Python backends can scale horizontally — add more instances to handle increased load.

Message Flow

Connection Flow

1. Client → Go Broker: WebSocket upgrade request
2. Go Broker → Python Backend: connection_request message
3. Python Backend → Go Broker: accept/reject response
4. Go Broker → Client: WebSocket established (or rejected)
5. Go Broker → Python Backend: new_connection notification

Message Flow

1. Client A → Go Broker: "Hello!"
2. Go Broker → Python Backend: new_message with context
3. Python Backend processes message
4. Python Backend → Go Broker: send_room_message(room_id, "Echo: Hello!")
5. Go Broker → All clients in room: "Echo: Hello!"

Scaling

Horizontal Scaling Python Backends

Add more Python backend instances to handle increased load:

                    ┌─────────────────┐
                    │   Load Balancer │
                    │  (WebSocket)    │
                    └────────┬────────┘
                    ┌────────▼────────┐
                    │   Go Broker 1   │
                    │   Go Broker 2   │
                    └────────┬────────┘
              ┌──────────────┼──────────────┐
              │              │              │
       ┌──────▼──────┐ ┌─────▼──────┐ ┌─────▼──────┐
       │ Python      │ │ Python     │ │ Python     │
       │ Backend 1   │ │ Backend 2  │ │ Backend 3  │
       └─────────────┘ └────────────┘ └────────────┘

The Go broker load-balances connection requests and messages across all connected Python backends.

Message Queuing

When all Python backends disconnect, the Go broker can queue messages (if --queue-size > 0):

┌─────────────┐         ┌─────────────┐         ┌─────────────┐
│   Client    │ ──────→ │  Go Broker  │         │  No Python  │
│  (sending)  │         │  (queues    │    X    │  backends   │
│             │         │   message)  │         │  connected  │
└─────────────┘         └──────┬──────┘         └─────────────┘
                        (Python backend reconnects)
                        ┌─────────────┐
                        │  Go Broker  │ ──────→ │ Python      │
                        │  (flushes   │         │ Backend     │
                        │   queue)    │         │ (receives   │
                        └─────────────┘         │ queued msg) │
                                                └─────────────┘

Queue Limitations

The message queue is stored in memory. If the queue fills up or the broker restarts, queued messages are lost.
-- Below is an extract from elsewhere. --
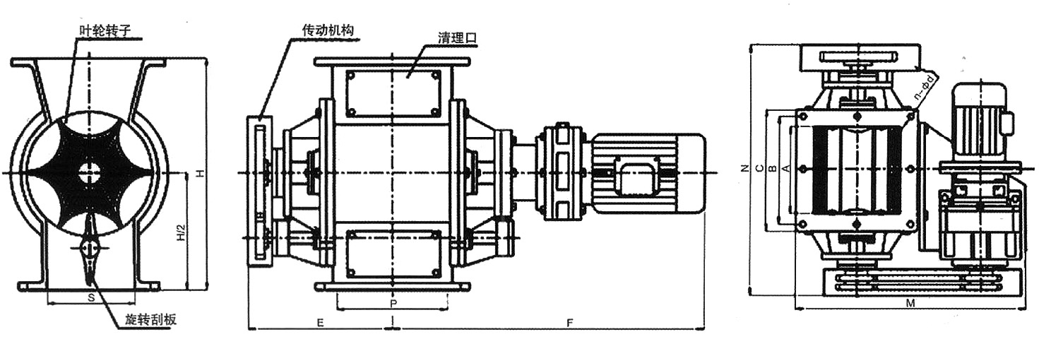 對(duì)于由于潮濕高水分黏附的粉粒料和由于靜電易附著流動(dòng)性差的粉粒料,非常容易架橋或粘附填充在旋轉(zhuǎn)閥的葉片間空腔中不脫落排卸下來(lái),將葉子空腔“糊”住,給氣流輸送和供料器操作帶來(lái)很大困難。本公司提供的刮落式旋轉(zhuǎn)供料閥,其特點(diǎn)是采用圓弧淺腔葉輪和一個(gè)能隨之轉(zhuǎn)動(dòng)的刮板,旋轉(zhuǎn)的刮板能將附著在葉片上的料粒掛落清除,能解決粉粒料在葉片上粘接的問(wèn)題。使定量供料和排料更加順暢,比較適用于容易導(dǎo)致堵塞的粉粒體,能提供150-450mm的各種尺寸的方形和圓形口徑。

For guaranteed delivery, implement application-level acknowledgments.

Protocol

TCP Protocol (Python ↔ Go)

Messages between Python backends and the Go broker use JSON over TCP, delimited by newlines:

{
    "action": "message_to_room",
    "request_id": "uuid-v4-string",
    "params": {
        "room_id": "room1",
        "message": "Hello, room!"
    }
}

Actions

From Python to Go:

Action Description
broadcast Send message to all connected clients
message_to_room Send message to all clients in a room
message_to_connection Send message to a specific client
response Response to a connection request

From Go to Python:

Action Description
connection_request New WebSocket client wants to connect
new_connection Client successfully connected
new_message Client sent a message
disconnected Client disconnected
error An error occurred
heartbeat Keep-alive ping from server

Deployment Patterns

Single Server

For development or small deployments:

┌─────────────────────────────────────┐
│           Single Server             │
│  ┌─────────┐    ┌───────────────┐   │
│  │ Go      │←──→│ Python        │   │
│  │ Broker  │    │ Backend       │   │
│  └────┬────┘    └───────────────┘   │
│       │                             │
│  [WebSocket Port 8080]              │
└───────┼─────────────────────────────┘
   [Browser Clients]

Multi-Backend Production

For production with high availability:

┌─────────────────┐
│  Load Balancer  │  (nginx, HAProxy, cloud LB)
│   (WebSocket)   │
└────────┬────────┘
    ┌────┴────┐
    ▼         ▼
┌───────┐ ┌───────┐
│ Go    │ │ Go    │
│Broker1│ │Broker2│
└───┬───┘ └───┬───┘
    │         │
    └────┬────┘
    ┌────┴────┐
    ▼         ▼
┌───────┐ ┌───────┐
│Python │ │Python │
│Backend│ │Backend│
│   1   │ │   2   │
└───────┘ └───────┘

Sticky Sessions

WebSocket connections require sticky sessions when using multiple Go brokers. Configure your load balancer accordingly.